(Supplied material Opens)
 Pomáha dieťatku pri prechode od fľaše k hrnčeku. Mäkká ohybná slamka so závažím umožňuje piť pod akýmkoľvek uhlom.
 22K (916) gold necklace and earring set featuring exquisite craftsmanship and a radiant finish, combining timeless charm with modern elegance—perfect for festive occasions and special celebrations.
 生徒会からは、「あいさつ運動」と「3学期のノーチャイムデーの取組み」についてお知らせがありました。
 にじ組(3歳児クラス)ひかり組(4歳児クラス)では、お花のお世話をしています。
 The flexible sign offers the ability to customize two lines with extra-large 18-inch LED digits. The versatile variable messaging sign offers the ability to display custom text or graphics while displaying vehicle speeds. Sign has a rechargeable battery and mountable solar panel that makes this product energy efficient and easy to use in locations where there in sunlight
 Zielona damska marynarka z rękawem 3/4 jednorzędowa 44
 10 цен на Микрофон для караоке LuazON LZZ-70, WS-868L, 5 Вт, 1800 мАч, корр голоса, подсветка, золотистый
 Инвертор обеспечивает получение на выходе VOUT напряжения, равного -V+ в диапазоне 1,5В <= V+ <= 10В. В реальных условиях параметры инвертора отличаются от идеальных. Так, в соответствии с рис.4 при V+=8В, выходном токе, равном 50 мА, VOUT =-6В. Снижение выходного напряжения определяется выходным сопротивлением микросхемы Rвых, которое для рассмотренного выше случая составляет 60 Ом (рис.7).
(Supplied material Closes)
(Supplied material Opens)
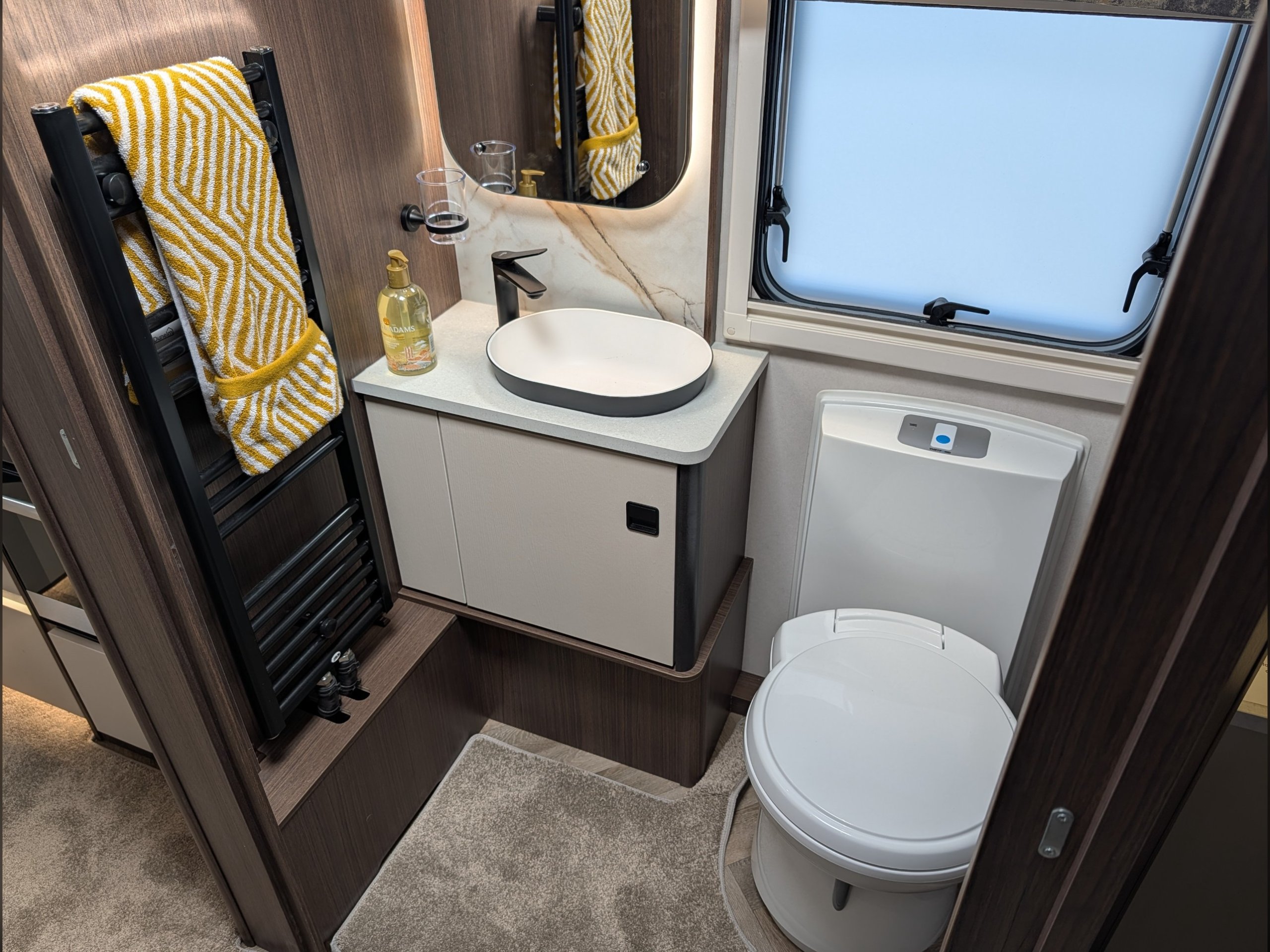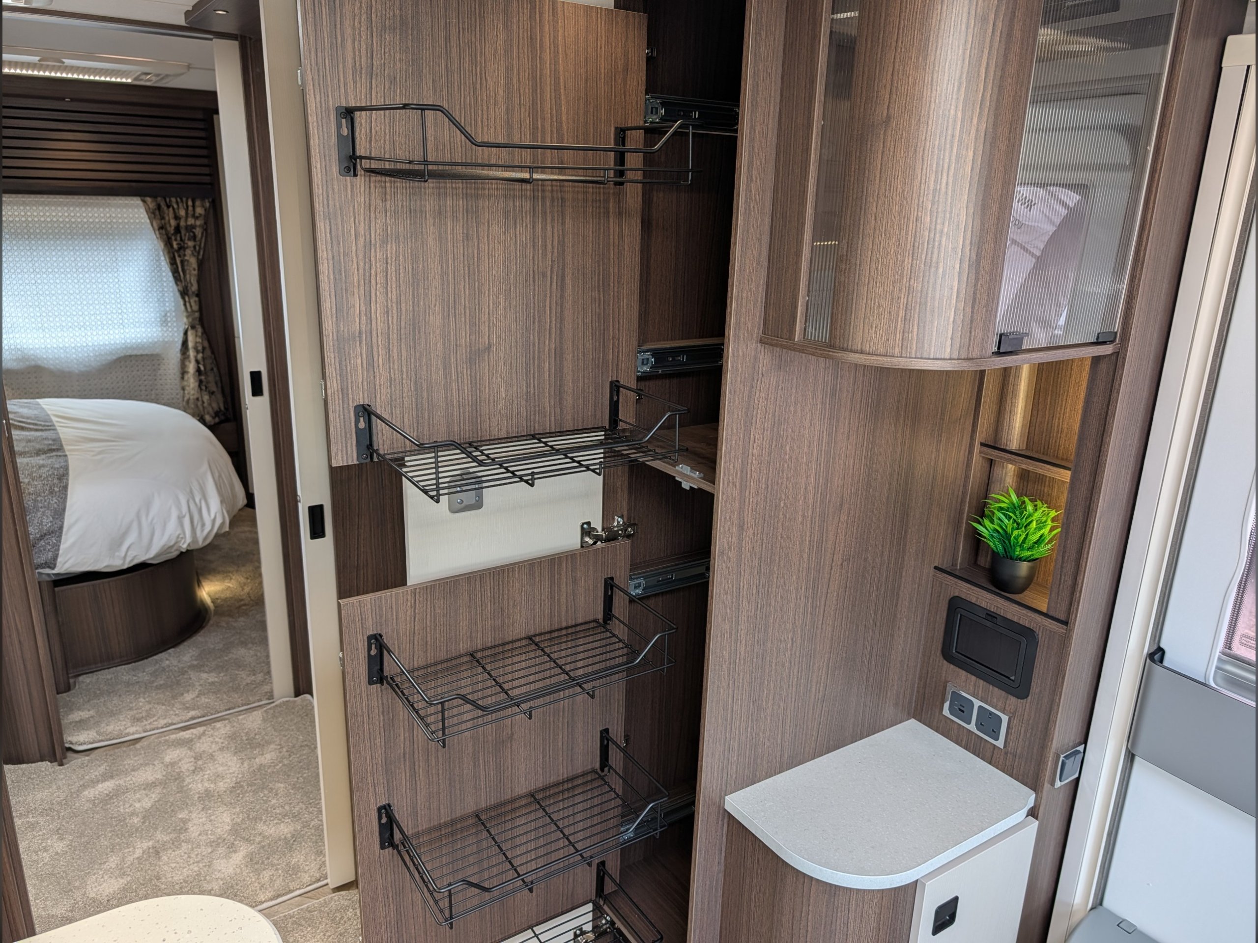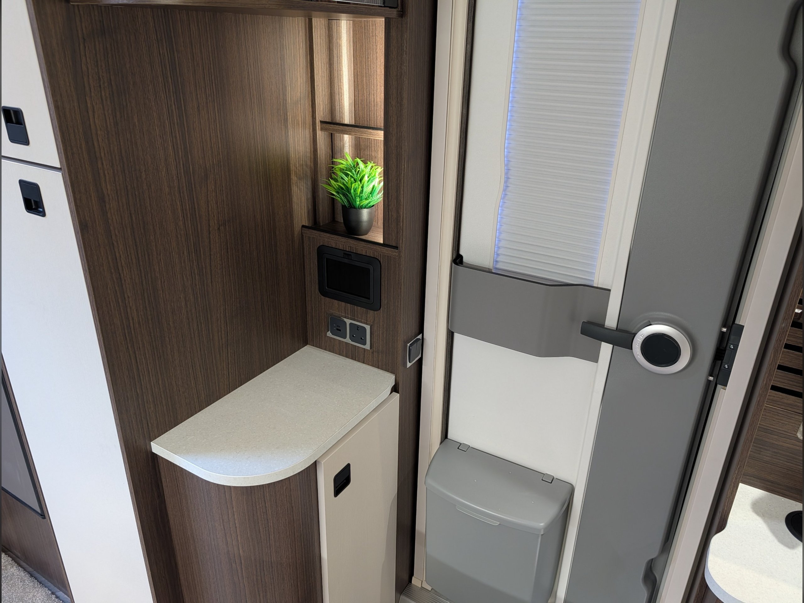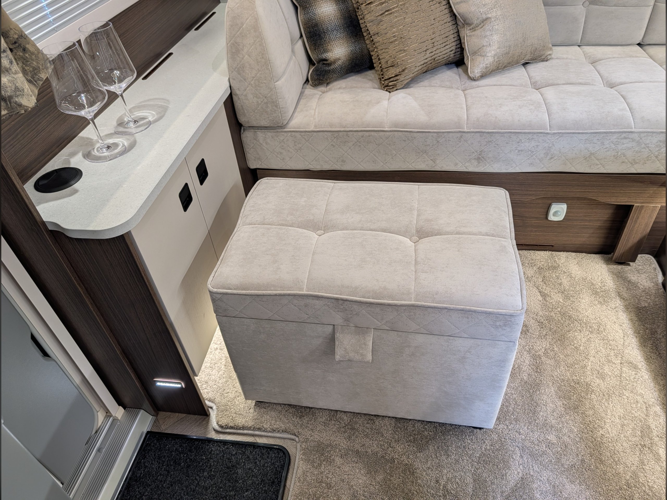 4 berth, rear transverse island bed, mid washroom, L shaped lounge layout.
(Supplied material Closes)
(Supplied material Opens)
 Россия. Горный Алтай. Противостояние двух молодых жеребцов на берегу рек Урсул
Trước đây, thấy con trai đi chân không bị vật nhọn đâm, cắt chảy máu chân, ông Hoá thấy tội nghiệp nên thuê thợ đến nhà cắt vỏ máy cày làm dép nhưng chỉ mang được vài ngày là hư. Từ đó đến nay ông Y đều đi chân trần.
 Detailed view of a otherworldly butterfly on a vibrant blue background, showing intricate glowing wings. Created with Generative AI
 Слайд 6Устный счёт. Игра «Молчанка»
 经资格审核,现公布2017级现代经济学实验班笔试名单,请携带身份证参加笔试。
(Supplied material Closes)
What this task involves ::
Where the listing above has a line with "Pomáha dieťatku pri", start there, and output every line exactly through the line with "にじ組(3歳児クラス)ひかり組(4歳児クラス)では、お花のお世話をしています。", which is also included.

Result of this task ::
 Pomáha dieťatku pri prechode od fľaše k hrnčeku. Mäkká ohybná slamka so závažím umožňuje piť pod akýmkoľvek uhlom.
 22K (916) gold necklace and earring set featuring exquisite craftsmanship and a radiant finish, combining timeless charm with modern elegance—perfect for festive occasions and special celebrations.
 生徒会からは、「あいさつ運動」と「3学期のノーチャイムデーの取組み」についてお知らせがありました。
 にじ組(3歳児クラス)ひかり組(4歳児クラス)では、お花のお世話をしています。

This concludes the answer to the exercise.